School of Clinical Medicine, Southwest Medical University, Luzhou, 646000, China.
Department of Neurology, Sichuan Provincial People's Hospital, University of Electronic Science and Technology of China, Chengdu, 610072, China.
BMC Neurol. 2023 Jun 23;23(1):244. doi: 10.1186/s12883-023-03291-7.
To investigate the predictive role of pre-thrombolytic high sensitivity C-reactive protein (hs-CRP) on the safety and efficacy of intravenous thrombolysis in patients with acute ischemic stroke (AIS).
Patients with AIS who underwent intravenous thrombolysis with recombinant plasminogen activator (rtPA) or urokinase without endovascular therapy from June 2019 to June 2022 were retrospectively analysed. All patients were grouped into two groups (high or low hs-CRP group) according to the median value of hs-CRP before intravenous thrombolysis. The baseline NIHSS, NIHSS changes before and after thrombolysis (ΔNIHSS), the rate of good thrombolysis response (NIHSS decreased ≥ 2 points from baseline), the rate of any intracranial hemorrhage, age, sex, hypertension, diabetes, uric acid and platelet count were compared between the two groups. Logistic regression analysis was performed to identify possible prognostic factors for a good thrombolysis response.

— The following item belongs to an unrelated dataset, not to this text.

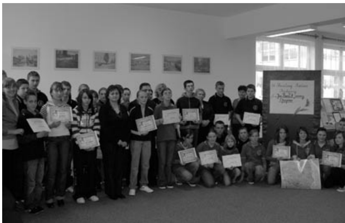
Uczestnicy i organizatorzy konkursu.

A total of 212 patients were included in the analysis, with a mean age of 66.3 ± 12.5 years. In total, 145 patients received rtPA, and 67 patients received urokinase. Patients were divided into a high hs-CRP group (> 1.60 mg/L) and a low hs-CRP group (≤ 1.60 mg/L) according to the median hs-CRP level (1.60 mg/L). The ΔNIHSS of the high hs-CRP group was significantly smaller than that of the low hs-CRP group (0 [-1 ~ 0] vs. -1 [-2 ~ 0], P < 0.05). The good rate of thrombolysis response in the high hs-CRP group was significantly lower than that in the low hs-CRP group (21.9% vs. 36.5%, P < 0.05). Similar results were shown in the rtPA subgroup between the high and low hs-CRP groups but not in the urokinase subgroup. Logistic regression analysis showed that hs-CRP > 1.60 mg/L was negatively correlated with a good thrombolysis response rate (OR = 0.496, 95% CI = 0.266-0.927, P = 0.028).
hs-CRP > 1.6 mg/L may serve as a poor prognosis predictive factor for patients with AIS receiving intravenous thrombolysis. However, due to the small sample size of this study, further studies are needed to verify our results.
探讨溶栓前高敏 C 反应蛋白(hs-CRP)对急性缺血性脑卒中(AIS)患者静脉溶栓安全性和有效性的预测作用。
回顾性分析 2019 年 6 月至 2022 年 6 月接受重组纤溶酶原激活物(rtPA)或尿激酶静脉溶栓而未行血管内治疗的 AIS 患者。所有患者根据溶栓前 hs-CRP 的中位数分为两组(高 hs-CRP 组或低 hs-CRP 组)。比较两组基线 NIHSS、溶栓前后 NIHSS 变化(ΔNIHSS)、良好溶栓反应率(NIHSS 较基线降低≥2 分)、任何颅内出血率、年龄、性别、高血压、糖尿病、尿酸和血小板计数。采用 logistic 回归分析确定良好溶栓反应的可能预后因素。
共纳入 212 例患者,平均年龄 66.3±12.5 岁。共有 145 例患者接受 rtPA 治疗,67 例患者接受尿激酶治疗。根据 hs-CRP 中位数(1.60mg/L)将患者分为高 hs-CRP 组(>1.60mg/L)和低 hs-CRP 组(≤1.60mg/L)。高 hs-CRP 组的 ΔNIHSS 明显小于低 hs-CRP 组(0[-10] vs.-1[-20],P<0.05)。高 hs-CRP 组的溶栓反应良好率明显低于低 hs-CRP 组(21.9% vs.36.5%,P<0.05)。在 rtPA 亚组中也得到了相似的结果,但在尿激酶亚组中没有得到。Logistic 回归分析显示,hs-CRP>1.60mg/L 与良好的溶栓反应率呈负相关(OR=0.496,95%CI=0.266-0.927,P=0.028)。
hs-CRP>1.6mg/L 可能是 AIS 患者接受静脉溶栓治疗的预后不良预测因素。但由于本研究样本量较小,需要进一步的研究来验证我们的结果。